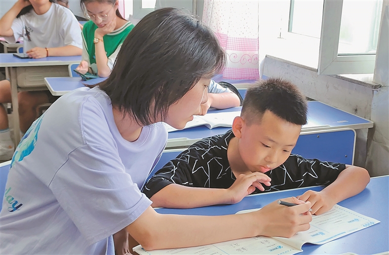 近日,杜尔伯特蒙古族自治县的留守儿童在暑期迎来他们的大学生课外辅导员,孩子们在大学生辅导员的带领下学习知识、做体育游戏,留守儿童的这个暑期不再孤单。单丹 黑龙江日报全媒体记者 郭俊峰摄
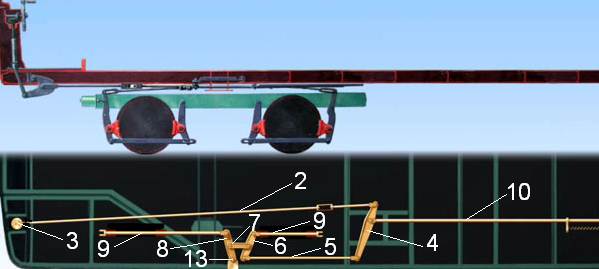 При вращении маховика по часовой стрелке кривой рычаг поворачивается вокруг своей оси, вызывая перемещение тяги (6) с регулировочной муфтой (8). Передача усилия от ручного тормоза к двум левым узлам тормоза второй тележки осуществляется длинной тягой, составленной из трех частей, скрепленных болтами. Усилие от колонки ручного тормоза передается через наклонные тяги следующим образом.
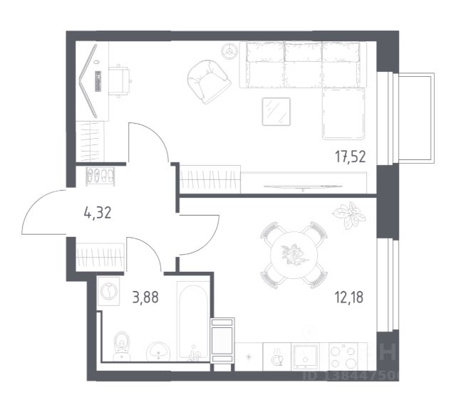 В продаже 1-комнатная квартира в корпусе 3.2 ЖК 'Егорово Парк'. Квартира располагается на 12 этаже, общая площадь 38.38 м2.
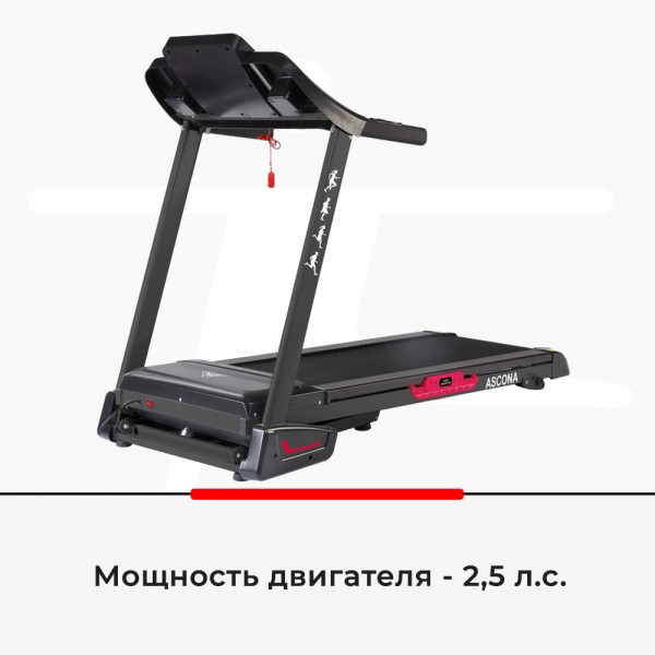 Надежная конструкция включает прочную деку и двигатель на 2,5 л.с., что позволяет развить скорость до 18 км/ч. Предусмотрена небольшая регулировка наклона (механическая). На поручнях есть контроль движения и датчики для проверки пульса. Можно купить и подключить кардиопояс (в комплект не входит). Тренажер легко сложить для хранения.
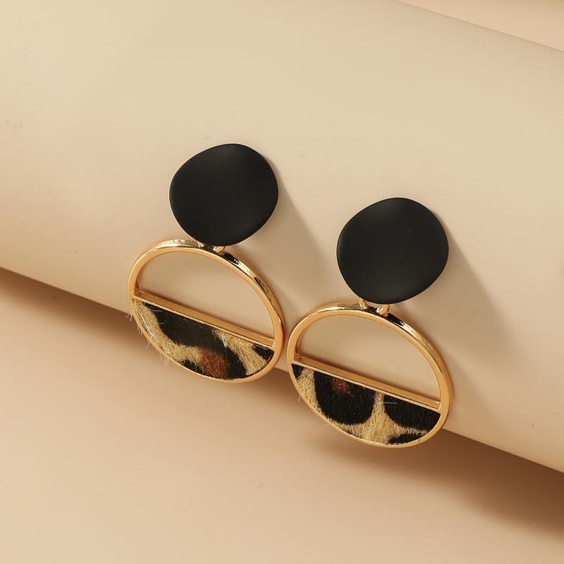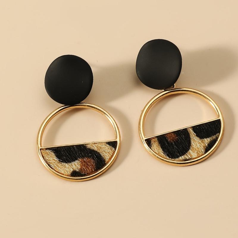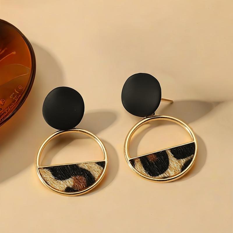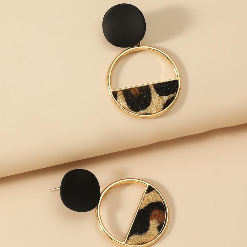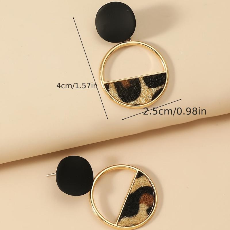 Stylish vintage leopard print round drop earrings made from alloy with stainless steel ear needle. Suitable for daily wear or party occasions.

++++++

Work task
Omit all pictures and write out, exactly, only the lines from the line containing "Надежная конструкция включает" through the last line of the entries above.

Problem solution
 Надежная конструкция включает прочную деку и двигатель на 2,5 л.с., что позволяет развить скорость до 18 км/ч. Предусмотрена небольшая регулировка наклона (механическая). На поручнях есть контроль движения и датчики для проверки пульса. Можно купить и подключить кардиопояс (в комплект не входит). Тренажер легко сложить для хранения.
 Stylish vintage leopard print round drop earrings made from alloy with stainless steel ear needle. Suitable for daily wear or party occasions.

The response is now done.